ModuleNotFoundError: No module named 'deepforest'

In [31]:
input_layer = InputLayer(RandomForestClassifier(n_estimators=100, n_jobs=-1, max_depth=4),
                         RandomForestClassifier(n_estimators=100, n_jobs=-1, max_depth=10))

NameError: name 'InputLayer' is not defined

In [32]:
hidden_layer = Layer(input_layer,
                     RandomForestClassifier(n_estimators=50, n_jobs=-1, max_depth=4),
                     RandomForestClassifier(n_estimators=50, n_jobs=-1, max_depth=10))

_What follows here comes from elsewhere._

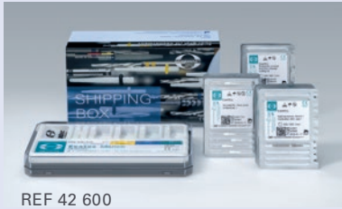
REF 42 600

*Die Standard Sets und die Test Sets werden in einer SHIPPING BOX geliefert. Inhalt siehe Preisliste.

NameError: name 'Layer' is not defined

In [33]:
hidden_layer.fit(X_train, y_train)

NameError: name 'hidden_layer' is not defined

In [34]:
hidden_layer.predict(X_test).head()

NameError: name 'hidden_layer' is not defined

# Going Further

In [66]:
def random_forest_generator():
    for i in range(2, 15, 2):
        yield RandomForestClassifier(n_estimators=100,
                                     n_jobs=-1,
                                     min_samples_leaf=5,
                                     max_depth=i)
    for i in range(2, 15, 2):
        yield RandomForestClassifier(n_estimators=100,
                                     n_jobs=-1,
                                     max_features=1,
                                     min_samples_leaf=5,
                                     max_depth=i)

In [78]:
def build_input_layer():
    return InputLayer(*random_forest_generator())

In [79]:
def build_hidden_layer(layer):
    return Layer(layer, *random_forest_generator())

In [80]:
def build_output_layer(layer):
    return Layer(layer,
                 RandomForestClassifier(n_estimators=500,
                                        n_jobs=-1,
                                        min_samples_leaf=5,
                                        max_depth=10))

In [81]:
input_l = build_input_layer()
hidden_1 = build_hidden_layer(input_l)
hidden_2 = build_hidden_layer(hidden_1)
hidden_3 = build_hidden_layer(hidden_2)
hidden_4 = build_hidden_layer(hidden_3)
output_l = build_output_layer(hidden_4)

In [74]:
output_l.fit(X_train, y_train)

<deepforest.layer.Layer at 0x112740e48>

In [75]:
y_pred = output_l.predict(X_test)

In [76]:
roc_auc_score(y_test, y_pred.iloc[:, 1])

0.81224489795918364

Well the result is not that satisfactory yet, but let's not loose hope. There is a lot of room for improvement yet. First item on my todo list: make sure all the intermediary models are trained using cross-validation techniques, to reduce overfitting.